Choosing dataset.
In order to determine emerging and successful technologies during the last few years, text documents regarding the filling for an Initial Public Offering (IPO) on a US stock exchange are analyzed. The dataset that consists only of nouns and adjectives is chosen for the analysis, because it describes technologies and industries better and more precise than the full dataset. Even though we can access specific sections (e.g. text between sections “Summary” and “Use of Proceeds”) of the underlying S/1 or S/1-A documents when using the “full” documents, model training based on those will result in a smaller corpus and rather imprecise topics, which do not align with expected emerging technologies (see Appendix B).
Data preprocessing.
The next important task is to transform raw data into an understandable format. Firstly, all the documents are converted to lowercase to create consistency within the dataset. Secondly, punctuation and numbers are removed since they do not contribute to our text analysis. Thirdly, stopwords are also removed from the documents in order to focus only on the important words related to each industry. Since we would like to keep technology-specific contexts of keywords and we refer to a vectorized text dataset that does not contain any pronouns or verbs, stemming is not applied in our processing. Finally, the corpus is created. Using the corpus we construct the document term matrix (DTM) for development of our topic model and set our global term in document appearance boundaries in such accordance so that emerging topic related terms must appear within a reasonable threshold.
Main method.
In order to compare topics in recent IPO and older IPO filings, one of the most common algorithms for topic modelling - Latent Dirichlet Allocation (LDA) - is used. LDA uncovers hidden semantic structures between a set of documents. These structures, theta and beta, represent a probability distribution over topics (within a document) and one over terms (within a topic), respectively (Blei, 2003). The main idea is that each document contains a combination of latent topics and each topic is characterized by a distribution over the words, and the relative importance of the topics vary from document to document. LDA works in such way: it goes through each word in the text, randomly assign it to one of the topics, calculate a score based on the probability that this word will be found in this particular topic in the set of documents and then ascribes this same word to another topic and calculates the same score. After many iterations a list of words in each topic with probabilities is created.
Approaches.
From here on, two different approaches were applied: Approach A focuses on the log-likelihood function and on a trend analysis over time, while Approach B focuses on the cosine similarity measurement between newer IPO filings and those a decade ago.

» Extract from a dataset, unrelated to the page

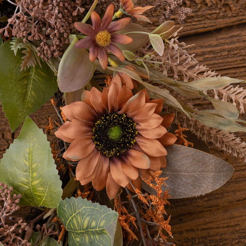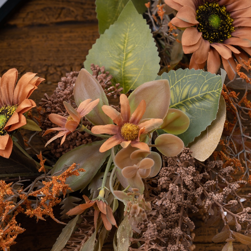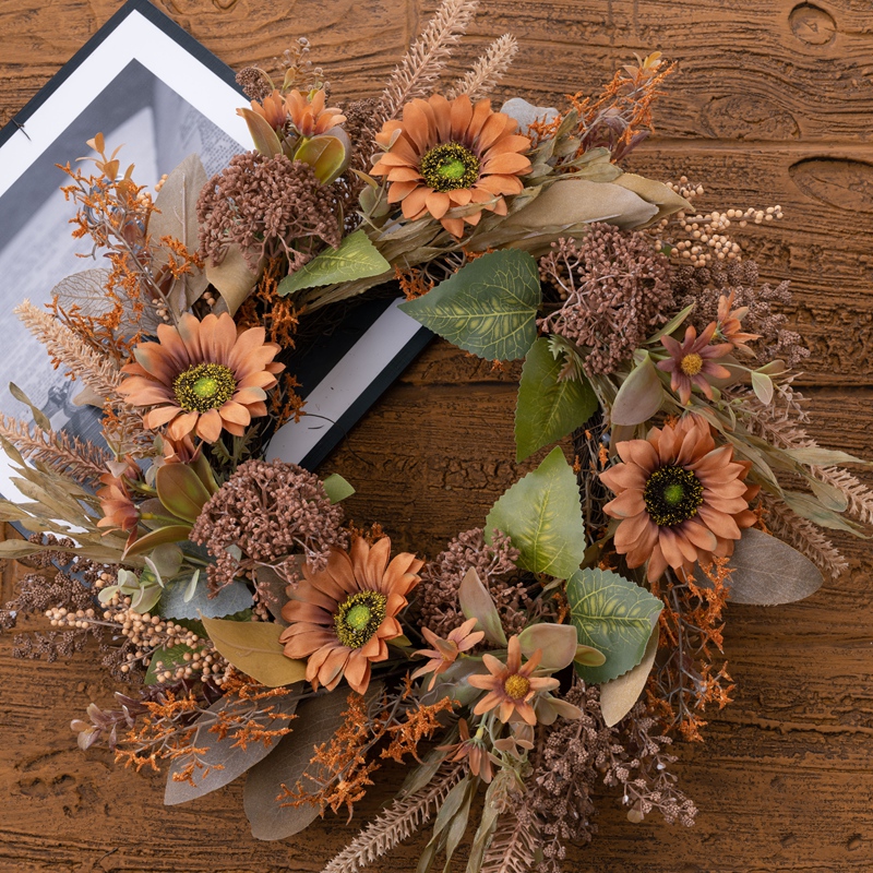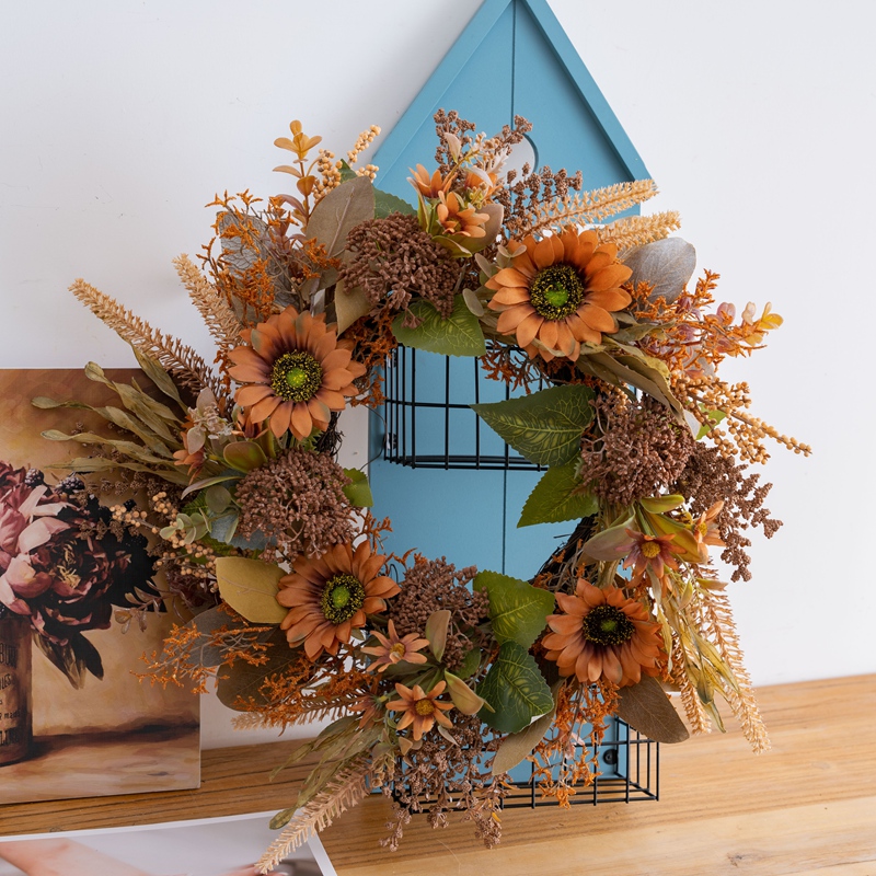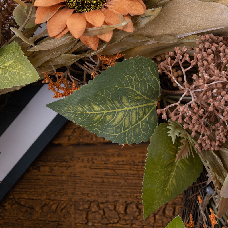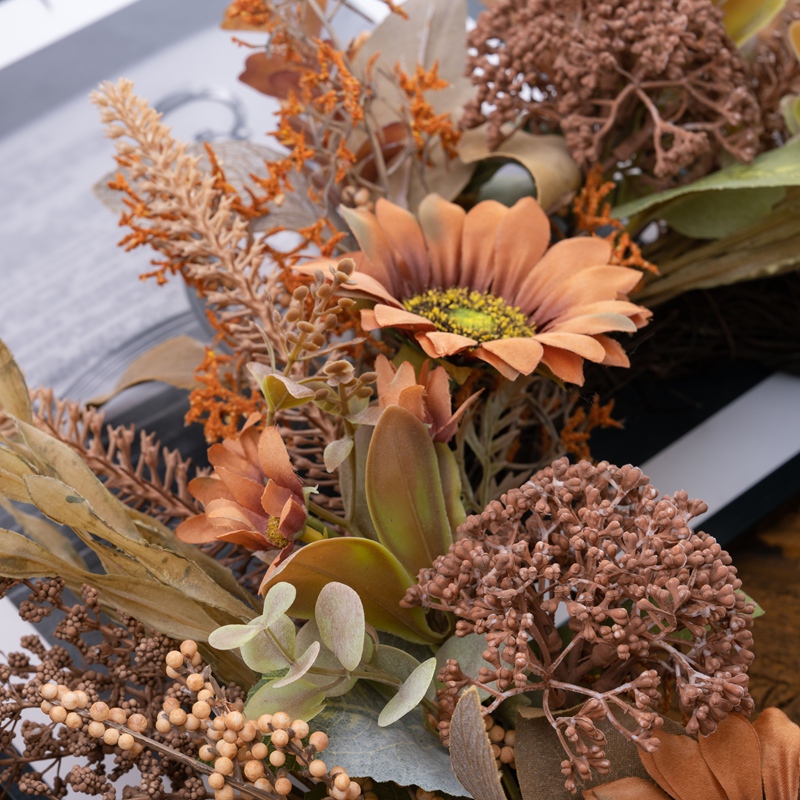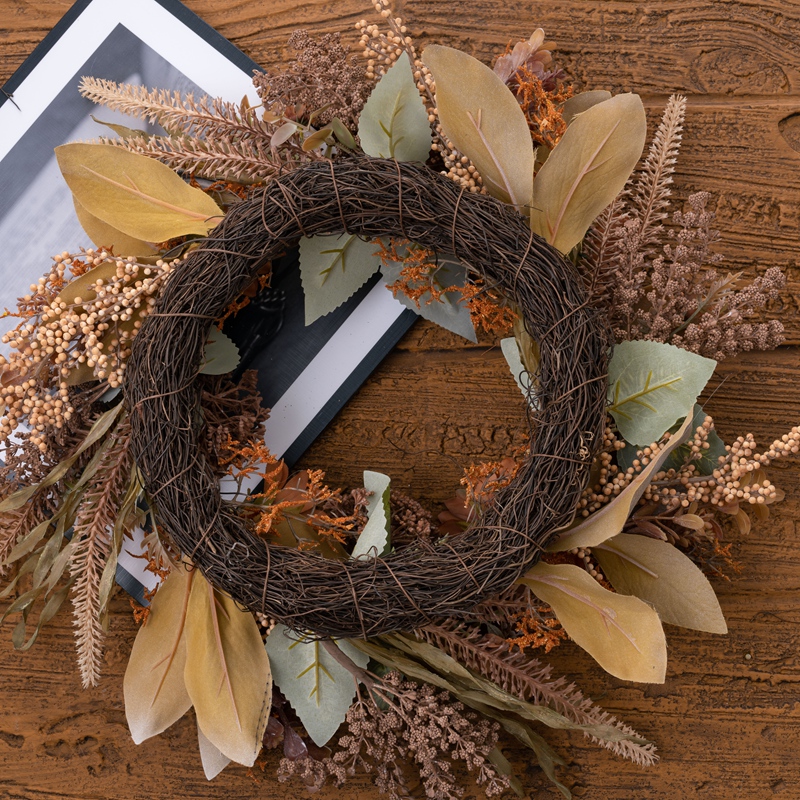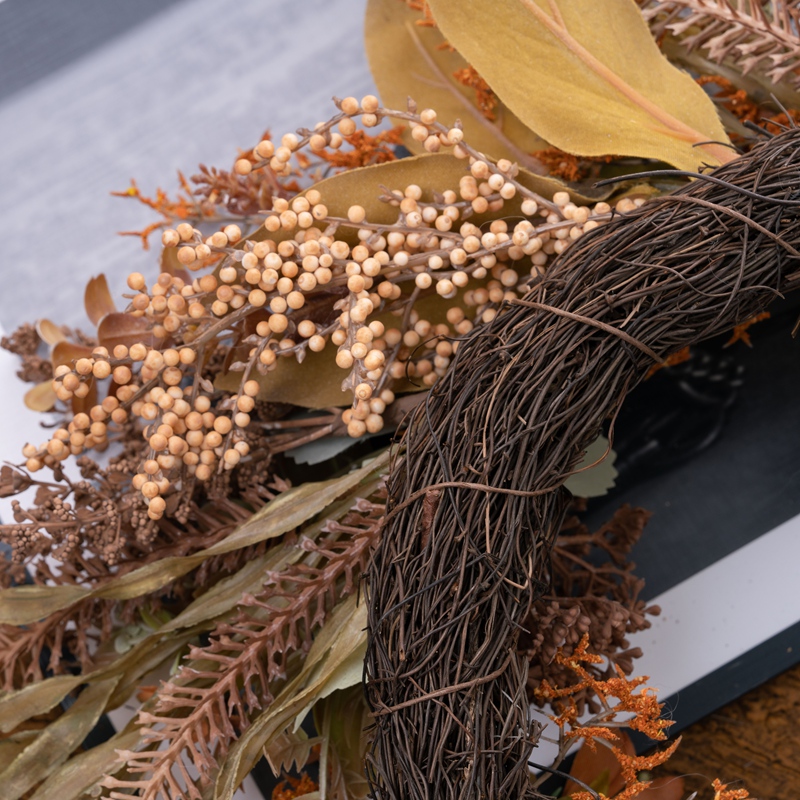 രൂപകല്പനയിൽ സങ്കീർണ്ണമായി നെയ്തെടുത്ത നെൽപ്പഴങ്ങൾ, ശരത്കാലത്തിൻ്റെ സമൃദ്ധമായ വിളവെടുപ്പിന് നാടൻ ചാരുതയും അനുമോദനവും നൽകുന്നു. റിം ശാഖകളും മറ്റ് പുല്ല് ആക്സസറികളും മികച്ച പശ്ചാത്തലമായി വർത്തിക്കുന്നു, അതിഗംഭീരവും ക്ഷണികവുമായ ലാൻഡ്സ്കേപ്പ് സൃഷ്ടിക്കുന്നു, അത് വീടിനുള്ളിൽ പുറത്തേക്ക് കൊണ്ടുവരുന്നു. ഈ ഘടകങ്ങൾ ഒരുമിച്ച് യോജിപ്പിച്ച് ശരത്കാല മഹത്വത്തിൻ്റെ ഒരു ദൃശ്യ സിംഫണി രൂപപ്പെടുത്തുന്നു.

In this approach, we compare the IPO filings from a decade ago (2008 - 2010) with more recent ones. Based on how similar the topics are (i.e. how much they correlate), we define the emerging industries. Particularly in this approach, the training set consists of fillings received before 2011, the overall length of the set is 961 files. After the pre-processing, we develop an LDA model, from which we extract the most frequent terms occurring per topic (based on the beta parameter), frequency of the keywords (will be further used in the calculations and word cloud processing), as well as the way individual companies are related to the topics (based on the theta parameter).
Afterwards, we process the data for the recent years (fillings after the year 2016) in the same way with minor adjustments. As a result, we get topics defined by the LDA model for both recent years and a decade ago. Our aim here is to identify the topics that are least correlated: correlation is calculated using the cosine similarity of the keywords of the topics based on the “old” corpus and the one for the recent years (Hoberg and Phillips, 2016). All the results are stored in the correlation matrix, where the rows represent topics for the recent filings, while columns are displaying topics for the industry a decade ago.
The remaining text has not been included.